He twisted the tip so I would hit the point of the poniard if I didn't pull back. I didn't, and it gouged deeply into the flesh of my hip as I twisted the katana as Niko had taught me, ripping the dagger from his hand and my own body both. Blood slicked my thigh and I drove in again, heart hammering to the hunt, smile wide and unstoppable. Nothing hurt; I was a live wire, wild and feeling nothing but the pulse of lust and need. His death was the cure to the fever that was burning me up. I was tinder to a fire I couldn't control and didn't even want to.

"Lose something?" I laughed, snatched the dagger from the air. It was wild laughter, high and clear like the Auphe's, and his green eyes were livid with rage.

"I have more, freak," he hissed, his hand disappearing into his shirt to appear with another. "I always have more."

The primeval-forest eyes, the tangled brown curls, the pale olive skin; he was a force of nature, deadly but stunning. You could see in him that he might well be the first. You could sense in him the age and the cold-bloodied apathy that comes from knowing all things pass. All things but you.
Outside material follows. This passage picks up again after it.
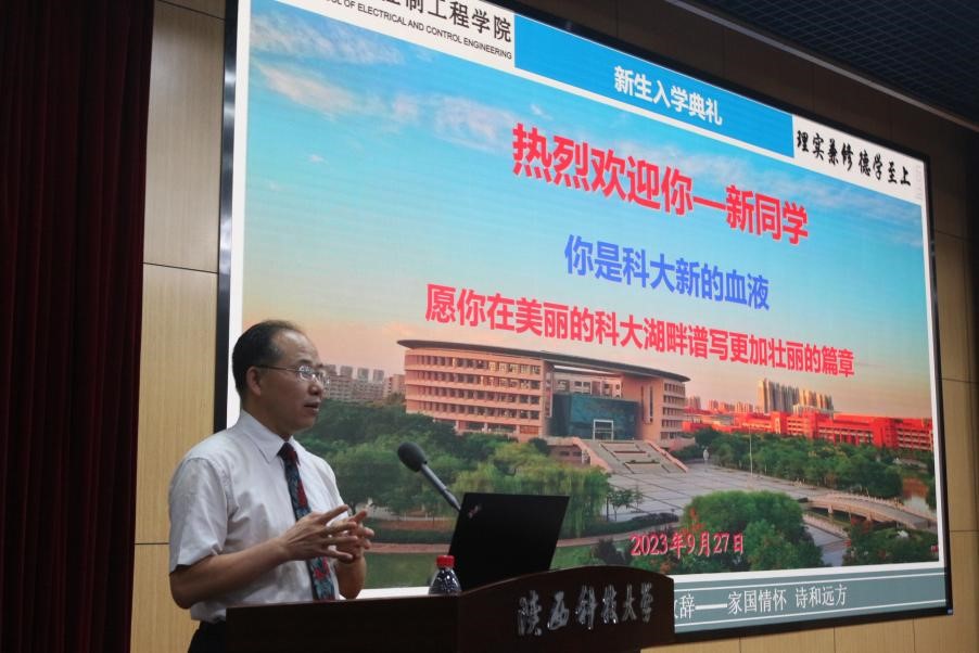 为帮助2023级本科生快速适应大学生活,明确未来目标和发展方向,科学规划大学生涯,帮助新生扣好大学生涯的“第一粒扣子”。2023年9月27日,电气与控制工程学院于图书馆一楼学术报告厅举办“2023级新生班主任聘任暨本科生入学教育大会”。电控学院党委书记乔明哲、院长汤伟、副院长周强及学院班子成员、党委委员、各系部主任、2023级新生班主任、新生辅导员雷丹、李恩,与来自全国各地的2023级442名“电控新人”一道,开启他们的人生新篇章。大会由电控学院2023级辅导员雷丹主持。

He brought the fight to me, this time. I blocked the stab at my heart, if barely, and the one at my throat, though I felt the tug of a nasty slice in my skin. Nothing hurt, and I pressed close to him, blades grinding together. I plunged the dagger in my hand into his thigh, returning it. The cords in his neck stood out with the pain, and there was anger and fear in his eyes both. The sunny tang of his blood in the air was driving me wild; I wanted to taste it myself. I could see the Auphe on the stairs, slavering after it themselves, eyes bright with anticipation. Oh, they'd watch, but they weren't to help. This was my hunt, my proving, my promise to them. No, they wouldn't help.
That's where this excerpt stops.